I saw one of these beasts recently – during a recent moment when the time stars aligned (my wife, toddler, and baby were all asleep at the same time!) I fired up Claude Code with Opus 4.5 and got it to build a predator-prey species simulation with an inbuilt procedural world generator and nice features like A* search for pathfinding – and it one-shot it, producing in about 5 minutes something which I know took me several weeks to build a decade ago when I was teaching myself some basic programming, and which I think would take most seasoned hobbyists several hours. And it did it in minutes.

With the simulation built, I stared at the graphs outputting the species numbers and I played with some dials to alter the dynamics and watched this little pocket world unfold.
I started extending it according to questions I had: What if I did a day/night cycle so I could model out nocturnal creatures and their interplay with others? And could I create an external database for storing and viewing the details of all past simulations? And could I add some 3D spatial coordinates to the landscape and the agents so I could 3D print sculptures if I wanted? And to all these questions I set Claude to work and, mostly, it succeeded in one shot at all of them.
And I kept playing with it. The experience was akin to being a child and playing with an adult – I’d sketch out something and hand it to the superintelligence and back would come a beautifully rendered version of what I’d imagined. And we went like this for hours: it was hypnotic and amazing and deeply fun and in a few hours I built a very large, sophisticated software program. Of course, some of the underlying code is pretty ghastly, and inefficiencies abound, but goddamn it – it works! And it was fast.

And then my baby woke up and started screaming, as babies tend to do, and the spell broke and thus back to diapers and cradling and shushing I went.

But for the next few days I couldn’t help but think of that simulation I’d built, lurking there on my computer, ginned up in some call-and-response between me and the proto-mind I can access via API.

Most of AI progress has this flavor: if you have a bit of intellectual curiosity and some time, you can very quickly shock yourself with how amazingly capable modern AI systems are. But you need to have that magic combination of time and curiosity, and otherwise you’re going to consume AI like most people do – as a passive viewer of some unremarkable synthetic slop content, or at best just asking your LLM of choice “how to roast a turkey and keep it moist”, or “TonieBox lights spinning but not playing music what do I do?”. And all the amazing advancements going on are mostly hidden from you.

The challenge here isn’t solely solved with interface designs, though there is a rich space to be explored here beyond the standard chat interfaces. The challenge here is deeper and it relates to how much curiosity an individual person has, how easily (and affordably) they can access powerful AI systems, how well they’re able to convert their curiosity into questions or tasks that can be given to an AI system, and how much time they have available to experiment with working in this way. This is the end of quite a deep funnel, and one which narrows a lot.

This problem will worsen in 2026. By the summer I expect that many people who work with frontier AI systems will feel as though they live in a parallel world to people who don’t. And I expect this will be more than just a feeling – similar to how the crypto economy moved oddly fast relative to the rest of the digital economy, I think we can expect the emerging “AI economy” to move very fast relative to everything else. And in the same way the crypto economy also evolved a lot – protocols! Tokens! Tradable tokens! Etc – we should expect the same kind of rapid evolution in the AI economy. But a crucial difference is that the AI economy already touches a lot more of our ‘regular’ economic reality than the crypto economy.
So by summer of 2026 it will be as though the digital world is going through some kind of fast evolution, with some parts of it emitting a huge amount of heat and light and moving with counter-intuitive speed relative to everything else. Great fortunes will be won and lost here, and the powerful engines of our silicon creation will be put to work, further accelerating this economy and further changing things.

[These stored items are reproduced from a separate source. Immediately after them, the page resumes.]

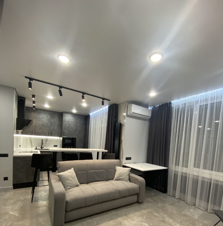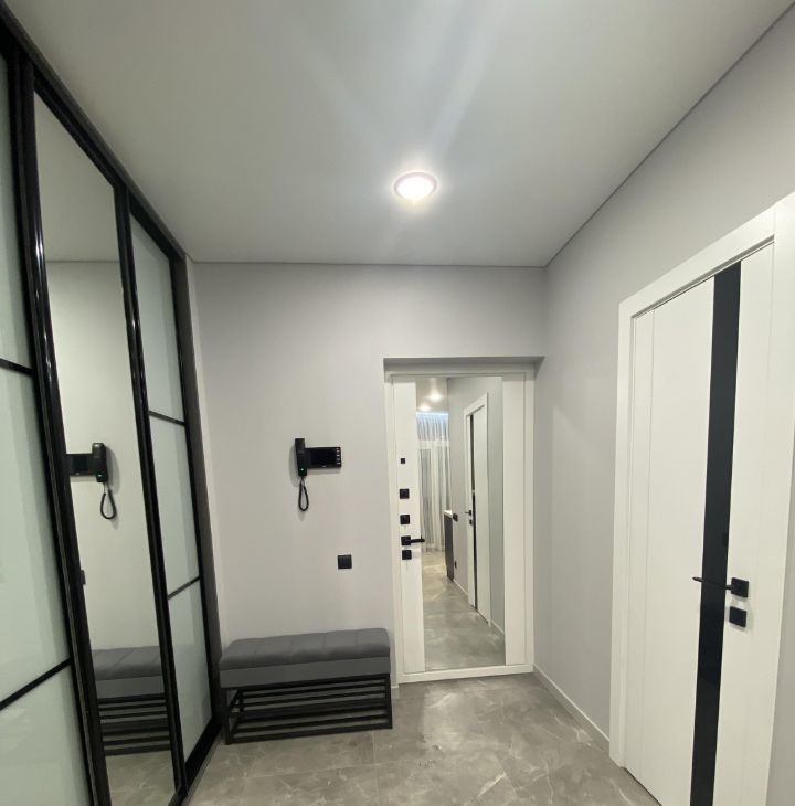 От метро 5 мин пешком. В квартире дизайнерский евро ремонт. Все делали для себя с использованием дорогих строительных материалов и дорогой сан техники. Вся мебель встроенная. Бытовая техника тоже встроенная. Бытовая техника самых лучших брендов. Система Умный дом. Освещение очень красивое, с разными подсветками. Есть лоджия. В сан узле- душевая кабина. Много места для хранения вещей. Спальное место-удобный диван-трансформер. Оборудовано рабочее место. Есть кондиционер. Есть полы с подогревом.
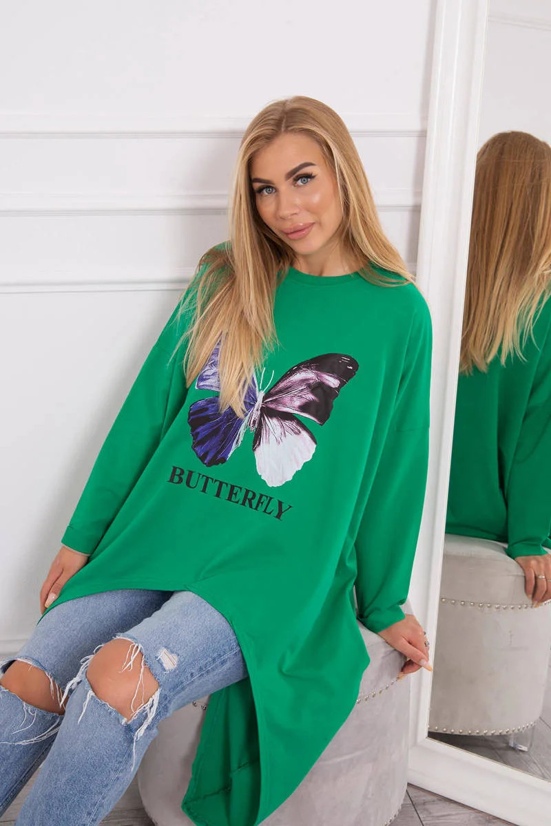 Představujeme vám módní halenku. Halenka s potiskem motýla. Halenka s delšími boky. Halenka je vyrobena z vysoce kvalitního materiálu. Velikost je univerzální a vyhovuje dámám, které nosí velikost M, L nebo XL.
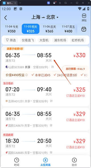 在首页选定出发地、目的地与出行日期后,点击【机票查询】按钮,就能查看相关航班信息。

And yet it will all feel somewhat ghostly, even to practitioners that work at its center. There will be signatures of it in our physical reality – datacenters, supply chain issues for compute and power, the funky AI billboards of San Francisco, offices for startups with bizarre names – but the vast amount of its true activity will be occurring both in the digital world, and in the new spaces being built and configured by AI systems for trading with one another – agents, websites meant only for consumption by other AI systems, great and mostly invisible seas of tokens being used for thinking and exchanging information between the silicon minds. Though we exist in four dimensions, it is almost as though AI exists in five, and we will be only able to see a ‘slice’ of it as it passes through our reality, like the eponymous ‘excession’ from Iain M Banks’ book.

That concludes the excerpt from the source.